TAIPEI—Organizations affiliated with the Taiwan-based Dharma Drum Mountain international Chan Buddhist community on Wednesday hosted a far-reaching conference titled the Global Buddhist Village Symposium in Taipei. Inviting discussion on practicing the Dharma and developing Buddhist cultures in times of radical change, the forum featured talks and addresses by some of the foremost teachers, scholars, and experts in the international Buddhist community.

Organized by Humanity Magazine, Dharma Drum Publishing Corp., the Sheng Yen Education Foundation, and DDM Public Buddhist Education Center, the event also commemorated the upcoming 10th anniversary of the passing of the prominent Chan monk, teacher, and scholar Master Sheng Yen (22 January 1930–3 February 2009), and marked the 70th anniversary of the Buddhist periodical Humanity Magazine.

“We sincerely believe that the attendance and contribution of all of our guests will be beneficial to the exchanges of innovative ideas of the teaching and practicing Buddhism, and helpful in creating a bright future for Buddhists all over the world,” the organizers said in a statement.

Jakusho Kwong Roshi, founder of the Sonoma Mountain Zen Center in northern California, offered a keynote speech for the occasion. “I come from a very traditional background and it will be obvious to you that the traditional way—the way of the ancestors—is the true way,” the renowned octogenarian Soto Zen teacher shared with the assembly. “We talk about calm mind and we talk about a changing world. It reminds me that everything seems like it’s changing, but actually it’s just the same old thing related again and again and again. Isn’t it true? We’ve become seduced by the repetition and the entertainment and the preoccupation of a ‘changing world.’”

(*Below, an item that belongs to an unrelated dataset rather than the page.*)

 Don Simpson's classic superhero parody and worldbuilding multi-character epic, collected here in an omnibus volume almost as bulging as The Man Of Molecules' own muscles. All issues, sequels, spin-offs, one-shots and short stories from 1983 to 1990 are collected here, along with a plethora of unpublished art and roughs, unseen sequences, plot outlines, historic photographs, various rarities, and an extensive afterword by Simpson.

“But you know, there’s something that does not change . . .” Roshi continued, underlining the concept of non-duality. “What is it? This is really important: my teacher, Suzuki Roshi, said the Chinese Chan masters were the greatest. And there is a koan of two Chinese monks during their work period. One was very busily sweeping the floor, and another monk came by and said to him, ‘You’re so busy! You’re too busy!’ And the one who was sweeping said, ‘There’s one who’s not busy.’ And right away the other monk asked, ‘Did you know that there are two moons?’ And the sweeping monk help up his broom and cried, ‘Which moon is this?’”

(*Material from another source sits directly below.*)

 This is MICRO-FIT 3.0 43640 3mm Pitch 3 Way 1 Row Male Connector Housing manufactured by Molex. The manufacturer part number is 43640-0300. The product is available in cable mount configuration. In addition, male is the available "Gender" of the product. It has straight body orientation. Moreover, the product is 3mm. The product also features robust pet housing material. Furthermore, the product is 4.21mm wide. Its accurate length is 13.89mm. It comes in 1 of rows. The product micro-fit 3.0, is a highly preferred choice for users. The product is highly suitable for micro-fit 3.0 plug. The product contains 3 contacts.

Jakusho Kwong Roshi, founder of the Sonoma Mountain Zen Center. Photo by Tim Liu
Jakusho Kwong Roshi, founder of the Sonoma Mountain Zen Center. Photo by Tim Liu

Speakers and dignitaries at the event included representatives of various monastic communities, among them Rev. Meian Elbert, abbess of Shasta Abbey, California, Ven. Phap Kham, executive director of the Plum Village Foundation Hong Kong, Ven. Chi Chern, abbot of Puzhao Buddhist Vihara in Malaysia, and Ven. Guo Huei, vice abbot president of Dharma Drum Mountain and dean of the Dharma Drum Institute of Liberal Arts, along with Daniel Aitken, CEO of Wisdom Publications, Sam Moew, director of audience development at Tricycle: The Buddhist Review, and Chien-huang Chen, director of the Centre for the Study of Humanistic Buddhism of Chinese University of Hong Kong.

Rev. Meian Elbert underscored the importance of the fourfold sangha in her address, observing: “I feel particularly that we need both lay trainees, male and female, and monastics, male and female, for the benefit of Buddhism. So a large part of what we do is training monastics, because if we don’t train them, who’s going do it?

“A large part of it is simply teaching the Buddhadharma; traditional Buddhist teachings of the Four Noble Truths, the Eightfold Path, the Three Characteristics—dukkhaanicca, anatta. Basic Buddhist teachings that I feel are still applicable in our modern day, even though things are different. But they’re not that different: the human heart is still the same; they’re still the same problems, really, in a different dress, it just seems more intense now. But I think that really it’s still the same old greed, hate, and delusion we’ve always had, and we just need to learn how to train with that, convert it—to learn to live together in this world.”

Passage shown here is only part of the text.